Pour le dire autrement, la tension passe entre la logique capitaliste, inféodée à une insatiabilité illimitée, à Un Désir sans fin, et l’esprit du capitalisme, structurellement éthique et critique. L’émergence spontanée du capitalisme implique l’instauration d’un nouveau rapport moral, selon une boucle rétroactive de type systémique. L’interprétation de la vocation en termes de métier (Beruf) représente ainsi un outil normatif qui va accompagner le processus d’accumulation infinie du capital tout en lui opposant un regard critique et des limitations morales. Mais, entre ces deux extrêmes, encore faudra-t-il que nous trouvions des gués où poser nos pieds, des îlots de confort et de confiance où ressources nos puissances de création et d’aventure, nos capacités de risque et d’aventure, de poésie et d’invention, d’amour et de don.
C’est qu’en effet la rationalisation repérée si brillamment par Weber ne va pas porter des fruits aussi rationnels qu’on aurait pu le croire. Ce n’est pas par hasard qu’Albert Hirschmann remplacera l’idée de rationalisation par la dialectique des intérêts et des passions, attestant ainsi du double échec de la motivation religieuse et de l’exercice rationnel dans la domestication du désir d’insatiabilité infinie. Weber avait d’abord en vue la motivation des individus et le type de caractère moral de l’entrepreneur capitaliste post-protestant, Hirschmann est davantage sensible aux justifications en termes de cité et de bien commun. Selon Boltanski et Chiapello, l’enjeu contemporain est de mettre en relation les justifications individuelles et les justifications générales du capitalisme. Il s’agit donc aussi d’élaborer un nouvel esprit du capitalisme susceptible de déboucher sur une théorie éthique plus englobant de la justice. C’est à cela aussi que devraient s’attaquer, à mon sens, une nouvelle théologie et une nouvelle éthique de notre lien à l’Argent et donc aussi de notre usage du monde.
Boltanski et Chiapello distinguent deux types de critiques, la critique artiste et la critique sociale. Le premier concept ne surprend davantage que le second. Il fait largement référence au mouvement de mai 68, centré sur la libération, et qu’il devenu à la mode de rejeter aujourd’hui. La critique artiste vise en fait à remonter, en amont de la critique sociale, à une condition humaine libérée des contraintes capitalistes de la discipline. La relance d’une telle critique artiste repose sur trois concepts clefs : l’anomie (résultat de l’inquiétude), la libération et l’authenticité.

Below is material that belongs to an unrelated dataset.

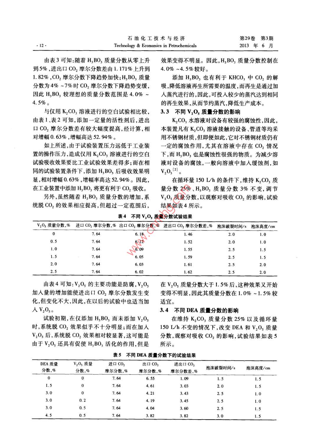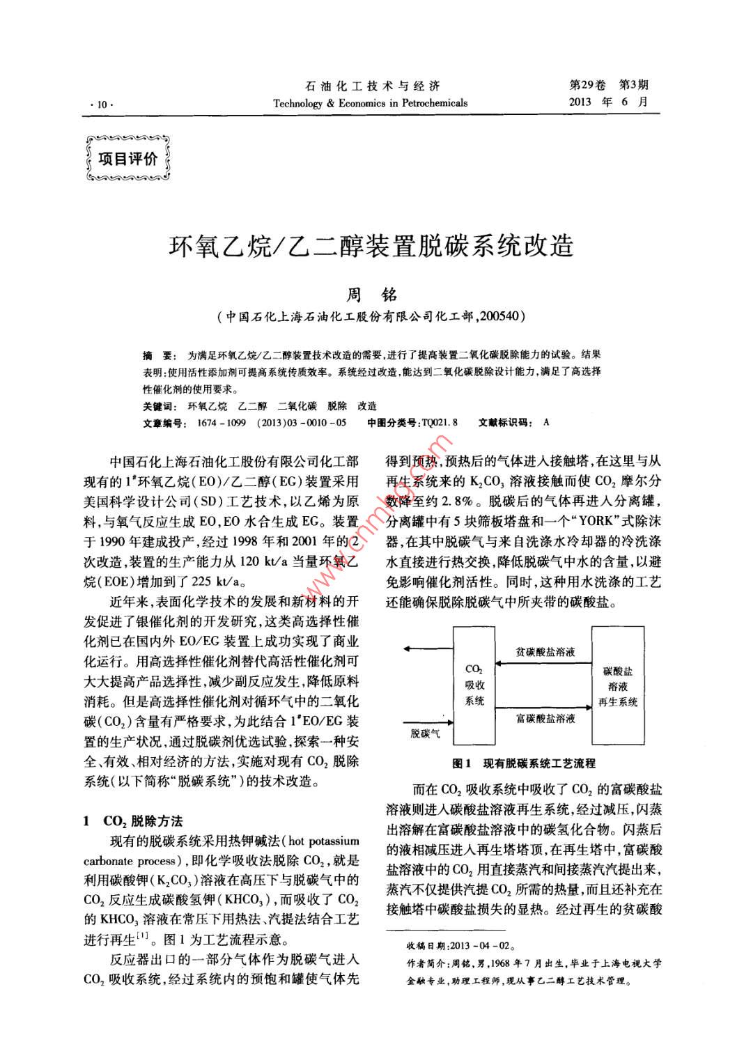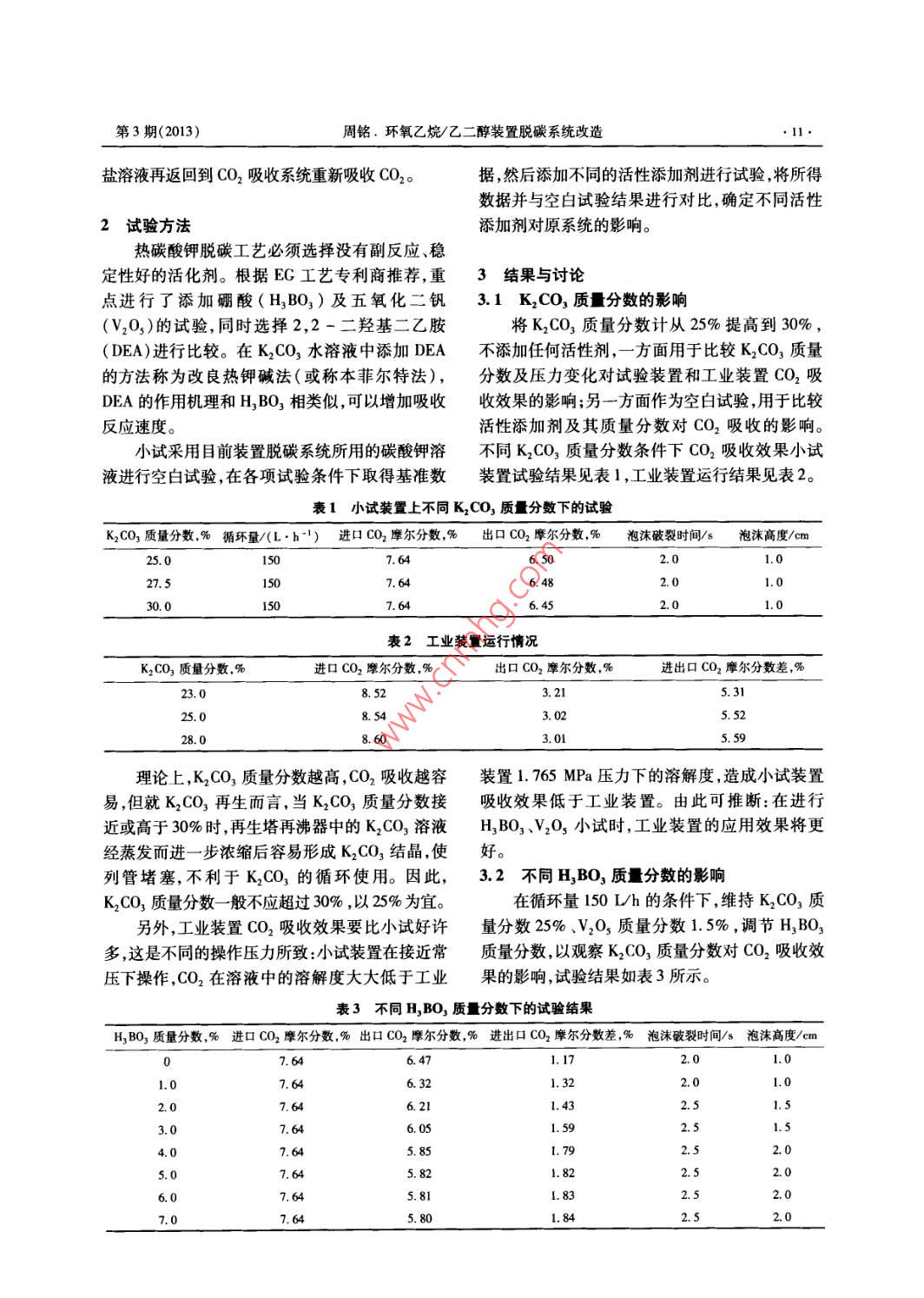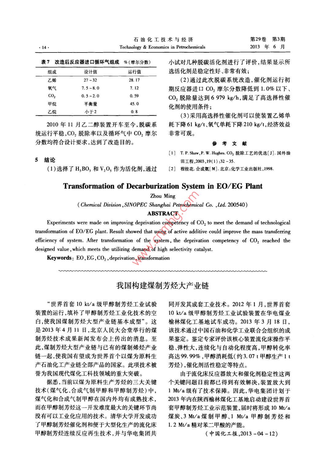 石油化工技術(shù)與經(jīng)濟第29卷第3期Technology Economics in Petrochemical2013年6月項目評價環(huán)氧乙烷/乙二醇裝置脫碳系統(tǒng)改造周銘(中國石化上海石油化工股份有限公司化工部,200540)摘要:為滿足環(huán)氧乙烷/乙二醇裝置技術(shù)改造的需要,進行了提高裝置二氧化碳脫除能力的試驗。結(jié)果表明:使用活性添加劑可提高系統(tǒng)傳質(zhì)效率。系統(tǒng)經(jīng)過改造能達到二氧化碳脫除設(shè)計能力滿足了高選擇性催化劑的使用要求。關(guān)鍵詞:環(huán)氧乙烷乙二醇二氧化碳脫除改造文章編號:1674-1099(2013)03-0010-05中圖分類號:TQ021.8文獻標識碼:A中國石化上海石油化工股份有限公司化工部得到預熱,預熱后的氣體進入接觸塔,在這里與從現(xiàn)有的1·環(huán)氧乙烷(EO)/乙二醇(EG)裝置釆用再生系統(tǒng)來的K2CO3溶液接觸而使CO2摩爾分美國科學設(shè)計公司(SD)工藝技術(shù),以乙烯為原數(shù)降至約2.8%。脫碳后的氣體再進入分離罐料,與氧氣反應(yīng)生成EO,EO水合生成EG。裝置分離罐中有5塊篩板塔盤和一個“YORK"”式除沫于1990年建成投產(chǎn),經(jīng)過1998年和2001年的2器,在其中脫碳氣與來自洗滌水冷卻器的冷洗滌次改造,裝置的生產(chǎn)能力從120kt/a當量環(huán)氧乙水直接進行熱交換,降低脫碳氣中水的含量,以避烷(FOE)增加到了225kUa。免影響催化劑活性。同時,這種用水洗滌的工藝近年來,表面化學技術(shù)的發(fā)展和新材料的開還能確保脫除脫碳氣中所夾帶的碳酸鹽。發(fā)促進了銀催化劑的開發(fā)研究,這類高選擇性催化劑已在國內(nèi)外EO/EG裝置上成功實現(xiàn)了商業(yè)化運行。用高選擇性催化劑替代高活性催化劑可貧碳酸鹽溶液碳酸鹽大大提高產(chǎn)品選擇性,減少副反應(yīng)發(fā)生,降低原料吸收溶液消耗。但是高選擇性催化劑對循環(huán)氣中的二氧化系統(tǒng)再生系統(tǒng)碳(CO2)含量有嚴格要求,為此結(jié)合1"EO/EG裝富碳酸鹽溶液置的生產(chǎn)狀況,通過脫碳劑優(yōu)選試驗探索一種安脫碳氣全、有效、相對經(jīng)濟的方法,實施對現(xiàn)有CO2脫除圖1現(xiàn)有脫碳系統(tǒng)工藝流程系統(tǒng)(以下簡稱“脫碳系統(tǒng)”)的技術(shù)改造。而在CO2吸收系統(tǒng)中吸收了CO2的富碳酸鹽1CO2脫除方法溶液則進人碳酸鹽溶液再生系統(tǒng),經(jīng)過減壓,閃蒸出溶解在富碳酸鹽溶液中的碳氫化合物。閃蒸后現(xiàn)有的脫碳系統(tǒng)采用熱鉀堿法( hot potassium的液相減壓進入再生塔塔頂在再生塔中,富碳酸carbonate process),即化學吸收法脫除CO2,就是利用碳酸鉀(K2CO3)溶液在高壓下與脫碳氣中的鹽溶液中的CO2用直接蒸汽和間接蒸汽汽提出來,CO2反應(yīng)生成碳酸氫鉀(KHCO3),而吸收了CO2蒸汽不僅提供汽提CO2所需的熱量,而且還補充在的KHCO3溶液在常壓下用熱法、汽提法結(jié)合工藝接觸塔中碳酸鹽損失的顯熱。經(jīng)過再生的貧碳酸進行再生。圖1為工藝流程示意。收稿日期:2013-04-02。反應(yīng)器出口的一部分氣體作為脫碳氣進入作者簡介:周銘,男,1968年7月出生,畢業(yè)于上海電視大學CO2吸收系統(tǒng),經(jīng)過系統(tǒng)內(nèi)的預飽和罐使氣體先金融專業(yè),助理工程師,現(xiàn)從事乙二醇工藝技術(shù)管理。第3期(2013)周銘.環(huán)氧乙烷/乙二醇裝置脫碳系統(tǒng)改造11鹽溶液再返回到CO2吸收系統(tǒng)重新吸收CO2據(jù)然后添加不同的活性添加劑進行試驗,將所得數(shù)據(jù)并與空白試驗結(jié)果進行對比,確定不同活性2試驗方法添加劑對原系統(tǒng)的影響。熱碳酸鉀脫碳工藝必須選擇沒有副反應(yīng)、穩(wěn)定性好的活化劑。根據(jù)EC工藝專利商推薦,重3結(jié)果與討論點進行了添加硼酸(H3BO3)及五氧化二釩3.1K2CO3質(zhì)量分數(shù)的影響(V2O3)的試驗,同時選擇2,2-二羥基二乙胺將K2CO3質(zhì)量分數(shù)計從25%提高到30%,(DEA)進行比較。在K2CO3水溶液中添加DEA不添加任何活性劑,一方面用于比較K2CO3質(zhì)量的方法稱為改良熱鉀堿法(或稱本菲爾特法),分數(shù)及壓力變化對試驗裝置和工業(yè)裝置CO2吸DEA的作用機理和H3BO3相類似,可以增加吸收收效果的影響;另一方面作為空白試驗,用于比較反應(yīng)速度活性添加劑及其質(zhì)量分數(shù)對CO2吸收的影響。小試采用目前裝置脫碳系統(tǒng)所用的碳酸鉀溶不同K2CO3質(zhì)量分數(shù)條件下CO2吸收效果小試液進行空白試驗,在各項試驗條件下取得基準數(shù)裝置試驗結(jié)果見表1,工業(yè)裝置運行結(jié)果見表2。表1小試裝置上不同K2CO3質(zhì)量分數(shù)下的試驗K2CO3質(zhì)量分數(shù)%循環(huán)量/(L·h-)進口CO2摩爾分數(shù),%出口CO2摩爾分數(shù)%泡沫破裂時間/泡沫高度/cm25.07.64.027.530.07.646.45表2工業(yè)裝置運行情況K2CO3質(zhì)量分數(shù)%進口CO2摩爾分數(shù),%出口CO2摩爾分數(shù),%進出口CO2摩爾分數(shù)差,%25.08.5428.08.603.015.59理論上,K2CO3質(zhì)量分數(shù)越高,CO2吸收越容裝置1.765MPa壓力下的溶解度,造成小試裝置易,但就K2CO3再生而言,當K2CO3質(zhì)量分數(shù)接吸收效果低于工業(yè)裝置。由此可推斷:在進行近或高于30%時,再生塔再沸器中的K2CO3溶液H3BO3、V2O3小試時,工業(yè)裝置的應(yīng)用效果將更經(jīng)蒸發(fā)而進一步濃縮后容易形成K2CO3結(jié)晶,使好列管堵塞,不利于K2CO3的循環(huán)使用。因此,3.2不同HBO3質(zhì)量分數(shù)的影響K2CO3質

-L’anomie va de pair avec l’affaiblissement des normes et donc, en fin de compte, de la Loi morale elle-même. L’envers en est la montée de l’inquiétude individuelle : désormais, le sujet se voit chargé de l’intégralité du poids de son autoréalisation et de sa réussite. Dès lors, l’anomie relance la question de la libération et de l’authenticité qu’elle était censée favoriser. Je souligne l’actualité théologique et spirituelle de ce premier point : l’individualisme protestant, bien compris, n’est pas anomie et antinomisme, mais liberté structurée, orientée sur une loi de vie et de partage, et non sur une Loi de menace ou d’effroi.
-La libération a changé de sens : liée à l’origine à l’esprit du capitalisme et à son dynamisme subvertissant les attachements traditionnels, elle intègre désormais la critique du capitalisme lui-même. On a ainsi affaire à des « boucles de récupération », la dynamique capitaliste de la libération créant à la fois des formes d’oppression et la conscience de leur nécessaire critique. La libération s’avère ainsi ambivalente, hésitant entre la délivrance de l’oppression et l’émancipation par rapport à toute forme de déterminisme. La critique artiste, à la différence de la critique sociale, transcende la logique interne du capitalisme, en faisant appel à l’affranchissement de toute nécessité et donc, pourrions-nous ajouter, à une forme d’utopie. C’est l’occasion de mettre en évidence une deuxième caractéristique de la contribution protestante : l’engagement social et politique demeure superficiel, s’il ne s’appuie pas sur un appel spirituel à la gratuité, sur une essentielle conscience de la pauvreté .
-Le second esprit du capitalisme ouvre dès lors sur une critique de la massification, liant les concepts d’authenticité et d’inquiétude et faisant place à une nouvelle éthique du sujet, fondée sur une anthropologie différentielle et créative.
Ce passage à la libération et à l’authenticité a deux effets majeurs : d’une part, il redonne une signification centrale à la vie personnelle des individus. D’autre part, instaurant une distance critique par rapport à la dynamique potentiellement circulaire du capitalisme, il oblige à repenser les relations de la liberté individuelle et de la justice. Il heurte ainsi de front les préjugés cardinaux de l’utilitarisme qui domine actuellement l’idéologie du capitalisme néolibéral.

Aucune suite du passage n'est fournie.